(Task to carry out)
Could you give back exactly the lines below from the one with "Размер обоев —" through the one with "Proseguono le ricerche", without a single picture?
──────── Provided records
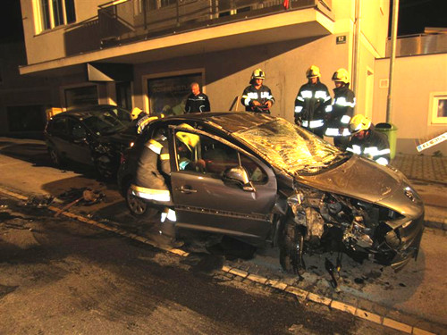 auf den Parkstreifen und rammte ein dort stehendes Fahrzeug. Beim
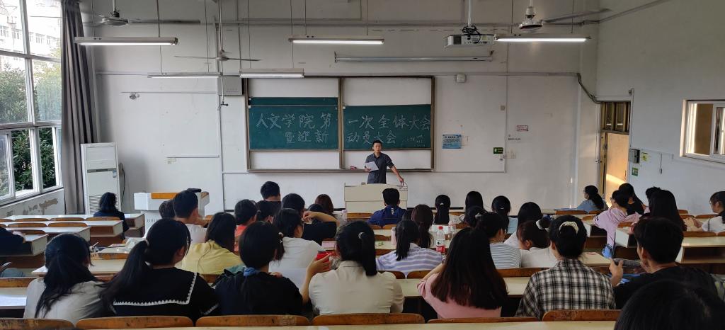 为迎接2020级新生的到来,有序开展新学期迎新工作,明晰学生会成员的主要任务,9月11日,人文学院于求知楼a楼207教室举办第一次全体大会暨迎新动员大会,会议由学生会指导老师焦雪松主持。
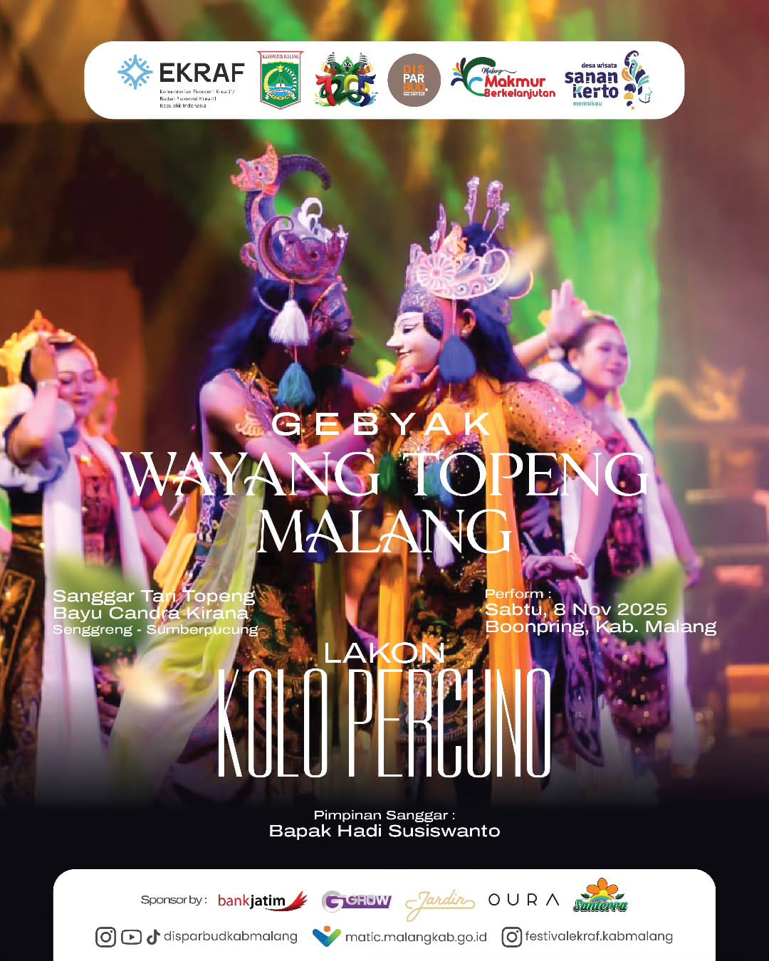 Pertunjukan ini menampilkan keindahan dan kekuatan ekspresi seni Wayang Topeng Malangan dengan lakon KOLO PERCUNO sebagai warisan budaya yang sarat nilai filosofi dan sejarah. Melalui kolaborasi para seniman daerah, kegiatan ini menjadi ajang pelestarian, apresiasi, dan penguatan identitas budaya Malangan, sekaligus memperkaya perayaan Hari Jadi Kabupaten Malang dengan suasana yang meriah, penuh makna, dan bernuansa kearifan lokal. ( crytink/red)
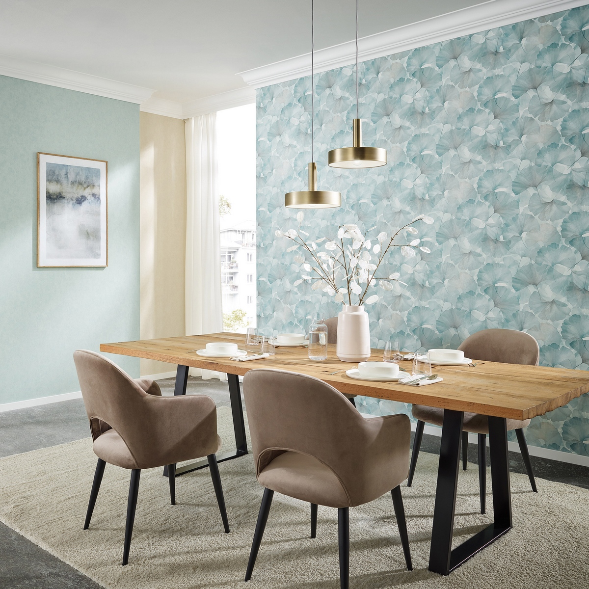 Размер обоев — метровые, что упрощает процесс поклейки и позволяет сэкономить время и силы. Бирюзовый цвет коллекции добавит свежести и оригинальности в ваш интерьер.
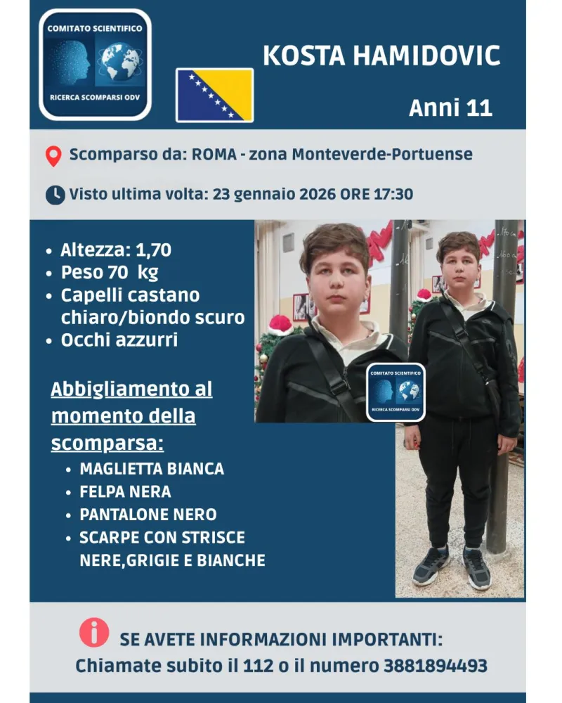 Proseguono le ricerche di Kosta Hamidovic, l’adolescente scomparso da una struttura per minori non accompagnati nella zona Monteverde-Portuense, a Roma, nel pomeriggio del 23 gennaio 2026.
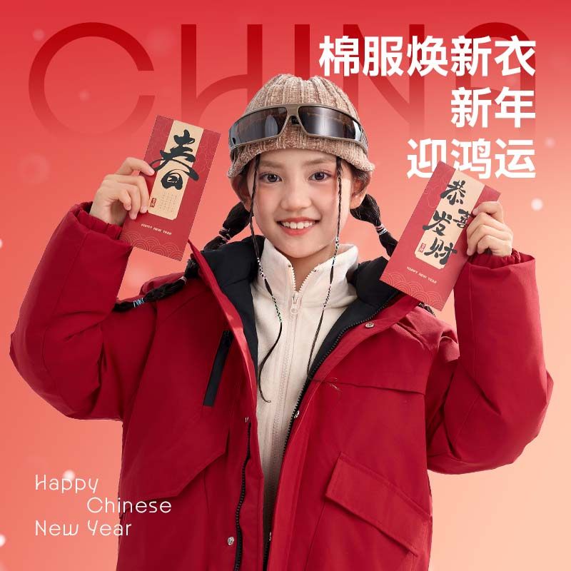 真维斯童装 加厚新年拜年服男童红色喜庆上衣 儿童夹棉外套大童冬季
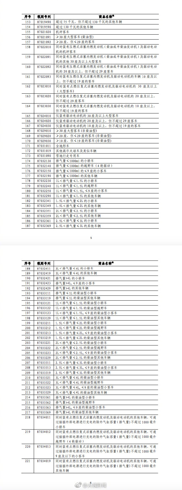 公告所附清单显示,此次对美加征25%关税的产品共有333种,涵盖汽车、能源、化工原料等。作为此次征税重点,清单所列的汽车产品超过150种,品类从公路牵引车、各型号货车到客车、小轿车等,几乎覆盖所有自美进口汽车产品。
────────────────
(Task output)
 Размер обоев — метровые, что упрощает процесс поклейки и позволяет сэкономить время и силы. Бирюзовый цвет коллекции добавит свежести и оригинальности в ваш интерьер.
 Proseguono le ricerche di Kosta Hamidovic, l’adolescente scomparso da una struttura per minori non accompagnati nella zona Monteverde-Portuense, a Roma, nel pomeriggio del 23 gennaio 2026.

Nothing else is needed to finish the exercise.